After 3 lectures in flipped format, I asked the students to take part in a survey and feedback their experience with the approach. About ¼ of students (n=131) responded, a pretty good rate I guess. I tried to ask questions that suggested both positive and negative experiences and asked for responses on a Likert scale.
Having videos available, at least as a learning and revision resource, was almost universally seen as positive, and almost all students liked the videos. The picture was more mixed for the specific use of the resources in flip teaching- not all who liked the videos found that they could learn well from them, and some were not keen on the peer discussion element.

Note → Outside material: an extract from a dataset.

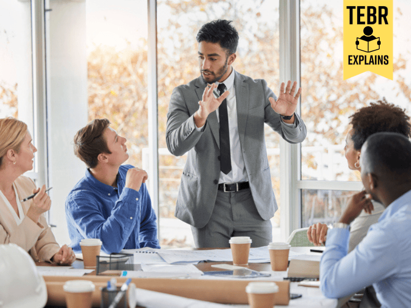 Leader sharing ideas and insights to business partners. Thought leadership concept

Given the choice, almost half of all students would prefer the traditional lecture; a small number explicitly said in the free-text response that they learned better that way. I have to admit I was tempted to phrase the question “…rather just let the lecture wash over me while I daydream…” Many felt a bit bowled over by the concept and the unconventional “lecture” experience.

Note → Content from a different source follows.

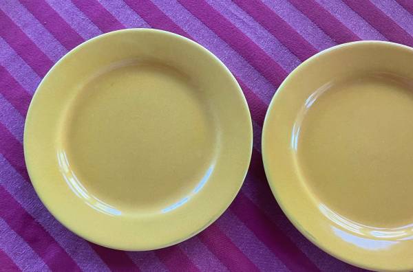 LOT OF EIGHT (8) GOOD USED CONDITION WAECHTERSBACH SOLID BRIGHT PRETTY MUSTARD/SUNSHINE/BUTTERCUP YELLOW 8” SALAD/DESSERT/SNACK PLATES

The majority of students felt reasonably briefed about the new approach, but some had issues with Nearpod.
It was reassuring to see that most students at least tried to watch all videos (1-2) relevant to an upcoming lecture even though I only just managed to upload them 2-3 days in advance. Only a small proportion supplemented their online learning with reading. For my generation, that is pretty amazing- textbooks were the starting and often end points of all learning and revision. I have to admit that because I took it for granted, I did not explicitly urge them to read. We do recommend a textbook and even indicate suitable chapter numbers for each lecture, but text book reading has become a niche approach to learning it seems. Then again, if biochemistry is not your main subject you are unlikely to invest £50 in a textbook.